At the moment, treatments include behavioural therapies, and meeting with therapists.  What they regularly try to do is to make people remember or relive their traumatic experience in a safe context, and to lose the sort of emotional potency that they associate with this.  That's also something that we look at in the lab as basic fundamental neuroscientists.  We look at how fear memories can be reactivated and then we try and find what brain chemicals are involved in that, and see, can we block them with specific drugs to try and neutralise the emotional part of the memory.  We don't want to ultimately wipe these memories, but just dampen them down so they don't have this emotional component that's the problem.

Ginny -   So, I imagine that's probably the last thing a cancer survivor wants to do, is relive those memories.  Why is that important if you are going to dampen down the emotions?

Emma -   Well, it' important because we've known for a number of years that memories, once acquired by the brain are not just resistant and stored away like files in filing cabinet.  Once a memory is recalled, it's actually opened up again and what we call 'de-stabilised'.  So, in this stage, it can integrate new information and be updated.  So, by retrieving your fearful memory, you de-stabilise it.  in that instance, if you have interfering therapies, be there behavioural therapies or drugs, one of the ultimate goals for a lot of research right now is blocking the persistence of those damaging or fearful memories.  So, you'll retrieve them, they become de-stabilised and at that point, you use a therapy which will prevent them from persisting.

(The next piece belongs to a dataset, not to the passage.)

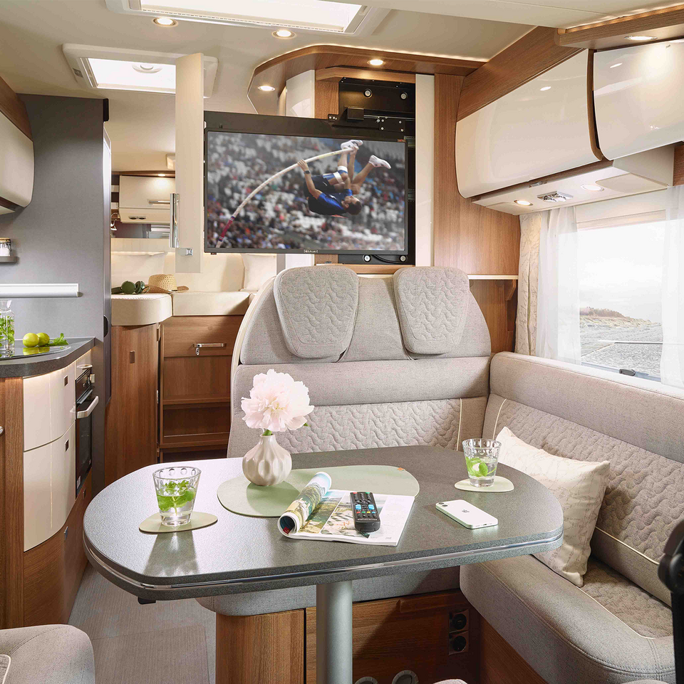 Bei den vollintegrierten Wohnmobilen der Baureihe C2-tourer ist höchster Wohnkomfort serienmäßig mit an Bord. Was uns da so sicher macht? Unsere hochwertige Möbelarchitektur, die modernen Stilwelten, die L-Wohnsitzgruppe mit ergonomisch

Ginny -   Quickly, you mentioned a drug that might be useful for this.  How long is it going to be before we have one that we can actually use to help people or is it already there?

Emma -   At the moment, there's no real drugs that can target the memory sides of PTSD.  Most people are treated with antidepressants or anti-anxiety drugs.  But research is really striving on to try and find particularly balance of the chemicals involved in the stress system such as adrenaline which not only has act on the body, but acts in the brain as noradrenalin.  So, there's a lot of focus on blocking the receptors for noradrenalin in the brain and trying to understand how that might be able to be a future treatment maybe.

Ginny -   Lots of promising ideas then.  Thank you.  That was Dr. Emma Cahil from Cambridge University.